Dataset items
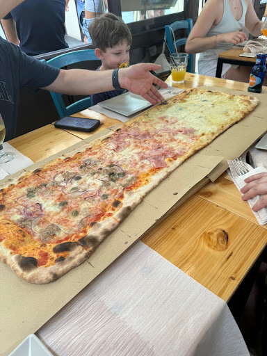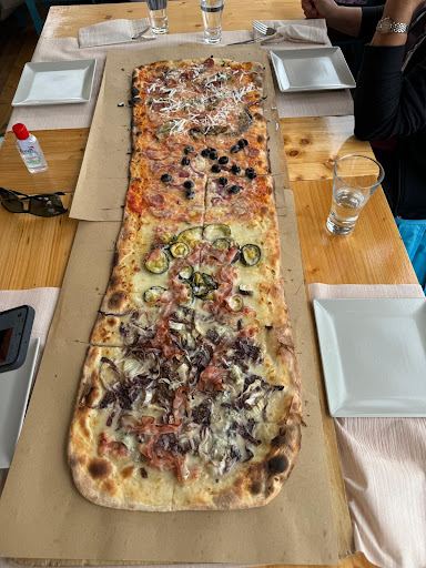 We discovered this location by chance. The restaurant offers antipasti, pizza and main dishes, all served by meter. Great for a large gathering. I admit that they have an attractive assortment of pizzas, and even though I came here twice, I still didn't want to experience anything else than pizza. The crust is thin and crispy, and the Martina pizza was our favorite. A minus would be that although we were 4 people at the table and we asked for a meter with 4 tastes, they hardly agreed to give us two half meters with two tastes each. This is because the menu is standard: half a meter pizza with 2 tastes for 2 people - and one meter pizza with 3 tastes for 4 people. Or maybe it was harder for us to get along with them because they didn't speak...
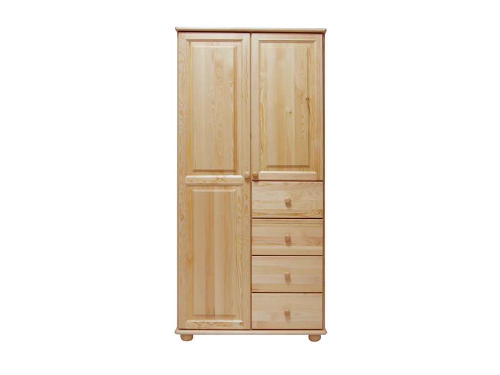 Skříň je vyrobena z masivu borovice první jakosti, který je známý svou pevností, stabilitou a přirozenou kresbou dřeva. Každý kus je originál, jenž do interiéru vnese teplo a přírodní atmosféru. Kvalitní povrchová úprava chrání dřevo proti běžnému opotřebení a zároveň zvýrazňuje jeho strukturu.
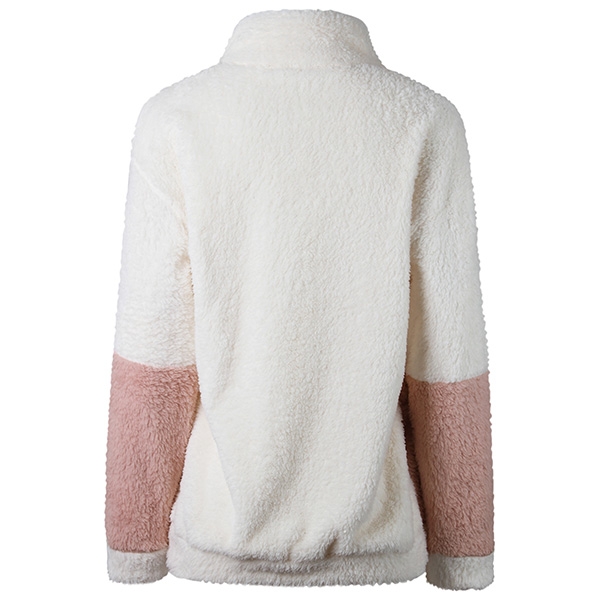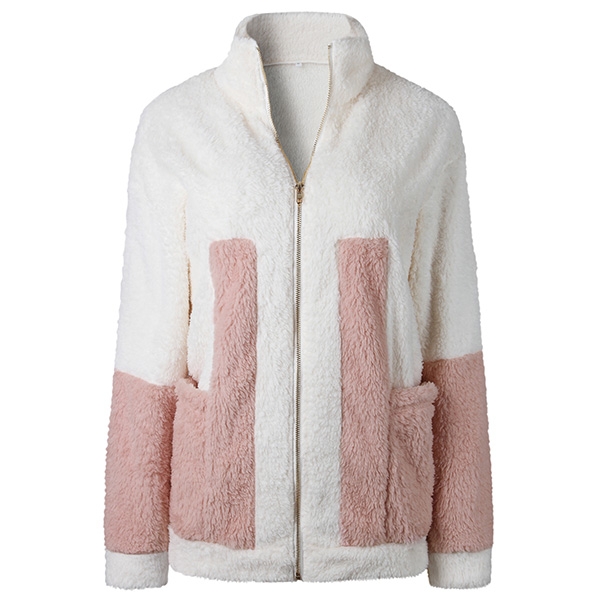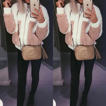 Contrast color style, one zipper down the front of the coat,and high quality and soft material would give
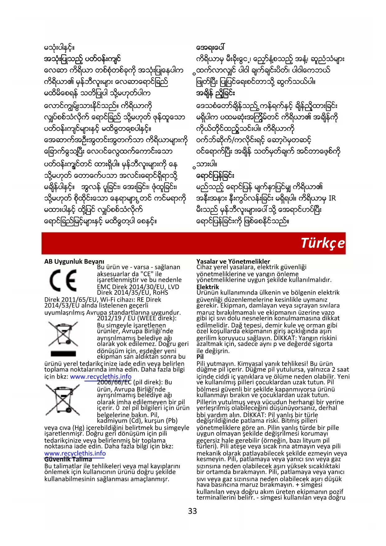 ေရာင္ျပန္ျခင္း မည္သည့္ ေရာင္ျပန္ မ်က္ႏွာျပင္မွ် ကိရိယာ၏ အနီးအနား နီးကပ္လြန္းျခင္း မရွိရပါ။ ကိရိယာမွ IR မီးသည္ မွန္ဘီလူးမ်ားေပၚသို႔ အေရာင္ဟပ္ၿပီး ေရာင္ျပန္ျခင္းကို ျဖစ္ေစႏိုင္သည္။ Türkçe AB Uygunluk Beyanı Bu ürün ve - varsa - sağlanan aksesuarlar da "CE" ile işaretlenmiştir ve bu nedenle EMC Direktifi 2014/30/EU, LVD Direktifi 2014/35/EU, RoHS Direktifi 2011/65/EU, Wi-Fi cihazı: RE Direktifi 2014/53/EU altında listelenen geçerli uyumlaştırılmış Avrupa standartlarına uygundur. 2012/19 / EU (WEEE direktifi): Bu simgeyle işaretlenen ürünler, Avrupa Birliği'nde ayrıştırılmamış belediye atığı olarak yok edilemez. Doğru geri dönüşüm için, eşdeğer yeni ekipman satın aldıktan sonra bu ürünü yerel tedarikçinize iade edin veya belirtilen toplama noktalarında imha edin. Daha fazla bilgi için bkz: www.recyclethis.info 2006/66/EC (pil direktifi): Bu ürün, Avrupa Birliği'nde ayrıştırılmamış belediye atığı olarak imha edilemeyen bir pil içerir. Ö zel pil bilgileri için ürün belgelerine bakın. Pil, kadmiyum (Cd), kurşun (Pb) veya cıva (Hg) içerebildiğini belirtmek bu simgeyle işaretlenmiştir. Doğru geri dönüşüm için pili tedarikçinize veya belirlenmiş bir toplama noktasına iade edin. Daha fazla bilgi için bkz: www.recyclethis.info Güvenlik Talimatı Bu talimatlar ile tehlikeleri veya mal kayıplarını önlemek için kullanıcının ürünü doğru şekilde kullanabilmesinin sağlanması amaçlanmıştır. Yasalar ve Yönetmelikler Cihaz yerel yasalara, elektrik güvenliği yönetmeliklerine ve yangın önleme yönetmeliklerine uygun şekilde kullanılmalıdır. Elektrik Ürünün kullanımında ülkenin ve bölgenin elektrik güvenliği düzenlemelerine kesinlikle uymanız gerekir. Ekipman, damlayan veya sıçrayan sıvılara maruz bırakılmamalı ve ekipmanın üzerine vazo gibi içi sıvı dolu nesnelerin konulmamasına dikkat edilmelidir. Dağ tepesi, demir kule ve orman gibi özel koşullarda ekipmanın giriş açıklığında aşırı gerilim koruyucu sağlayın. DİKKAT: Yangın riskini azaltmak için, sadece aynı tip ve değerde sigorta ile değiştirin. Pil Pili yutmayın. Kimyasal yanık tehlikesi! Bu ürün düğme pil içerir. Düğme pil yutulursa, yalnızca 2 saat içinde ciddi iç yanıklara ve ölüme neden olabilir. Yeni ve kullanılmış pilleri çocuklardan uzak tutun. Pil bölmesi güvenli bir şekilde kapanmıyorsa ürünü kullanmayı bırakın ve çocuklardan uzak tutun. Pillerin yutulmuş veya vücudun herhangi bir yerine yerleştirilmiş olabileceğini düşünüyorsanız, derhal tıbbi yardım alın. DİKKAT: Pil yanlış bir türle değiştirildiğinde patlama riski. Bitmiş pilleri yönetmeliklere göre atın. Pilin yanlış türde bir pille uygun olmayan şekilde değiştirilmesi korumayı geçersiz hale getirebilir (örneğin, bazı lityum pil türleri). Pili ateşe veya sıcak fırına atmayın veya pili mekanik olarak patlayabilecek şekilde ezmeyin veya kesmeyin. Pili, patlamaya veya yanıcı sıvı veya gaz sızıntısına neden olabilecek aşırı yüksek sıcaklıktaki bir ortamda bırakmayın. Pili, patlamaya veya yanıcı sıvı veya gaz sızıntısına neden olabilecek aşırı düşük hava basıncına maruz bırakmayın. + simgesi kullanılan veya doğru akım üreten ekipmanın pozitif terminallerini belirtir. - simgesi kullanılan veya doğru34 akım üreten ekipmanın negatif terminallerini belirtir. Yangın Önleme Ekipmanın üzerine yanan mum gibi açık alev kaynakları konulmamalıdır. Ekipmanın seri portu sadece hata ayıklama için kullanılır. Sıcak Yüzey Önleme DİKKAT: Sıcak parçalar! Parçaları tutuğunuzda parmaklarınız yanabilir. Kapattıktan sonra parçaları tutmadan önce bir buçuk saat bekleyin. Bu çıkartma, işaretli parçanın sıcak olabileceğini ve dikkat edilmeden dokunulmaması gerektiğini belirtmektedir. Bu çıkartmaya sahip cihaz için, bu cihaz sınırlı bir erişim konumuna kurulum için tasarlanmıştır, sadece servis personeli veya konuma uygulanan kısıtlamaların nedenleri ve alınması gereken önlemler hakkında bilgilendirilmiş kullanıcılar tarafından erişim sağlanabilir. Kurulum Ekipmanı bu kılavuzdaki talimatlara göre kurun. Yaralanmaları önlemek için bu ekipman kurulum talimatlarına göre zemine/duvara güvenli bir şekilde takılmalıdır. Ekipmanı asla sağlam olmayan bir yere yerleştirmeyin. Ekipmanın düşmesi ciddi kişisel yaralanmalara veya ölüme neden olabilir. Güç Kaynağı Çok Düşük Güvenlik Gerilimi (SELV) ile güç verilen cihaz: Güç kaynağı, IEC 60950-1 veya IEC 62368-1 standardına göre sınırlı güç kaynağı veya PS2 gereksinimlerini karşılamalıdır. AC şebeke kaynağı gerilimiyle güç verilen cihaz: Ekipman topraklı bir elektrik prizine takılmalıdır. Ekipmanın dışında, kolayca erişilebilen uygun bir bağlantı kesme cihazı bulunacaktır. Binanın teknik özelliklerini aşmayan uygun bir aşırı akım koruyucu cihaz, ekipmanın dışına eklenecektir. Binanın elektrik tesisatına tümü kutuplu bir şebeke anahtarı dâhil edilmelidir. AC şebeke kaynağına bağlantı için terminallerin doğru kablo tesisatına sahip olduğundan emin olun. Ekipman gerektiğinde BT güç dağıtım sistemine bağlanmak üzere değiştirilmiştir. Beyaz Işıklı Aydınlatıcı (Destekleniyorsa) Bu üründen muhtemel tehlikeli optik ışınım yayılabilir. Yanan ışık kaynağına doğrudan BAKMAYIN. Gözleriniz için zararlı olabilir. Uygun göz koruyucu kullanın veya kamerayı takarken, kurarken ya da kameraya bakım yaparken beyaz ışığı AÇMAYI
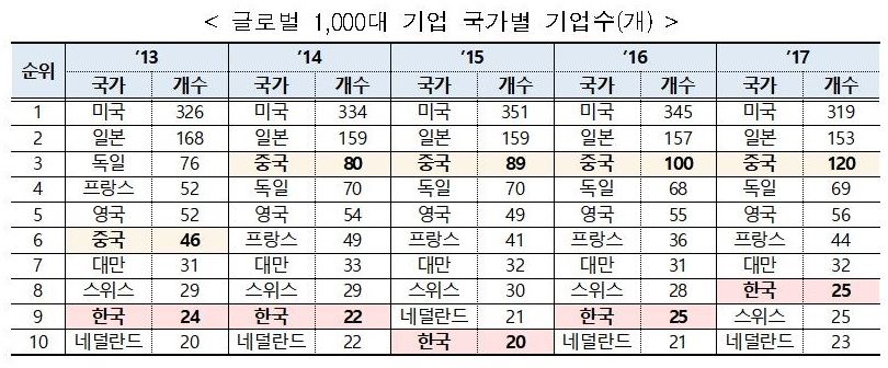 한국산업기술진흥원은 11일 글로벌 1000대 기업의 2017년 R&D투자 현황을 분석한 스코어보드를 발표했다. 이에 따르면 상위 10개 국가의 순위는 대체로 큰 변화가 없으나, 중국 기업들의 상승폭은 최근 몇 년 사이 두드러진다. R&D 투자 상위 글로벌 1000대 기업 중 중국 기업 수는 전년 대비 20개 늘어난 120개였다.
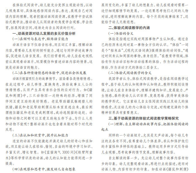 基于动画资源的体验式阅读教学策略探究 ——以大班阅读活动《鼹鼠和刺猬》为例
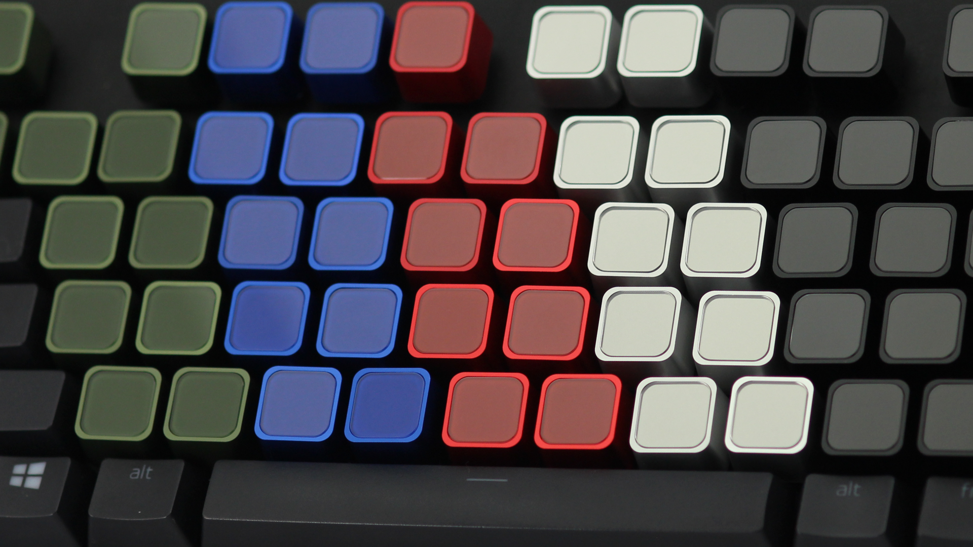 Each keycap has a hand polished and painted sapphire crystal inlayed into the top of the keycap.
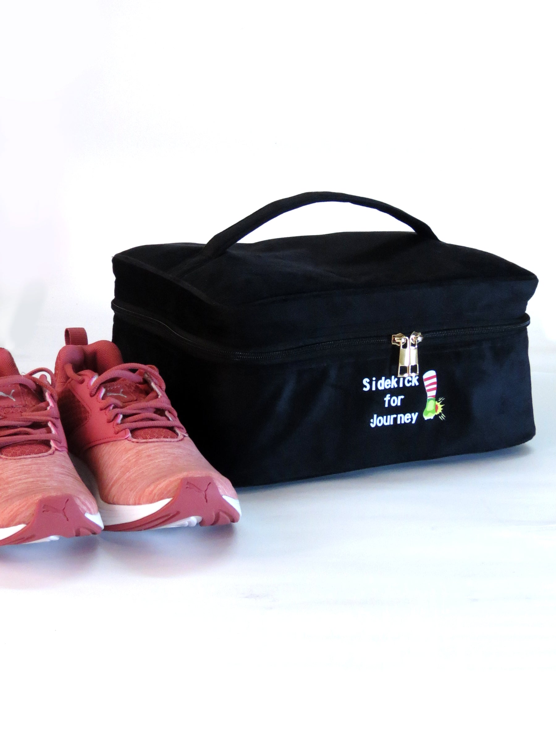 This Mid July Black Currant set of 4 travel pouches are designed to neatly organise everything from your makeup, medicines, toiletries, shoes, hair straighteners, hair dryers, to socks and lingerie in your luggage. It's lightweight, flexible and versatile. Get the peace of mind with organized travelling or keeping everything organized even at home, in the most stylish way. It is made using vegan velvet fabric, to add the touch of luxury and elegance.
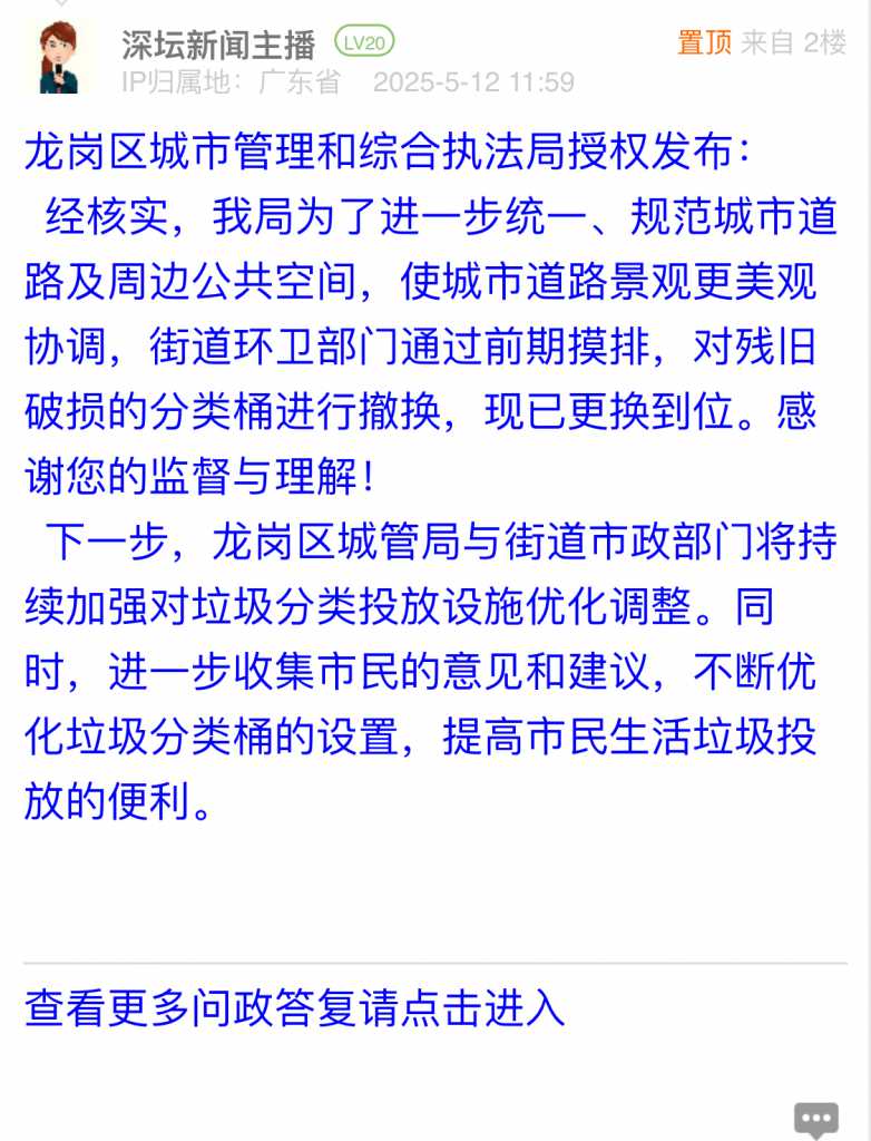 經(jīng)核實(shí),我局為了進(jìn)一步統(tǒng)一、規(guī)范城市道路及周邊公共空間,使城市道路景觀更美觀協(xié)調(diào),街道環(huán)衛(wèi)部門通過前期摸排,對(duì)殘舊破損的分類桶進(jìn)行撤換,現(xiàn)已更換到位。感謝您的監(jiān)督與理解!

• [ASSIGNMENT]: For this answer, return word for word the lines from the first line of the records through the line containing "Contrast color style, one". Omit the pictures.

• [EXERCISE RESULT]:
 We discovered this location by chance. The restaurant offers antipasti, pizza and main dishes, all served by meter. Great for a large gathering. I admit that they have an attractive assortment of pizzas, and even though I came here twice, I still didn't want to experience anything else than pizza. The crust is thin and crispy, and the Martina pizza was our favorite. A minus would be that although we were 4 people at the table and we asked for a meter with 4 tastes, they hardly agreed to give us two half meters with two tastes each. This is because the menu is standard: half a meter pizza with 2 tastes for 2 people - and one meter pizza with 3 tastes for 4 people. Or maybe it was harder for us to get along with them because they didn't speak...
 Skříň je vyrobena z masivu borovice první jakosti, který je známý svou pevností, stabilitou a přirozenou kresbou dřeva. Každý kus je originál, jenž do interiéru vnese teplo a přírodní atmosféru. Kvalitní povrchová úprava chrání dřevo proti běžnému opotřebení a zároveň zvýrazňuje jeho strukturu.
 Contrast color style, one zipper down the front of the coat,and high quality and soft material would give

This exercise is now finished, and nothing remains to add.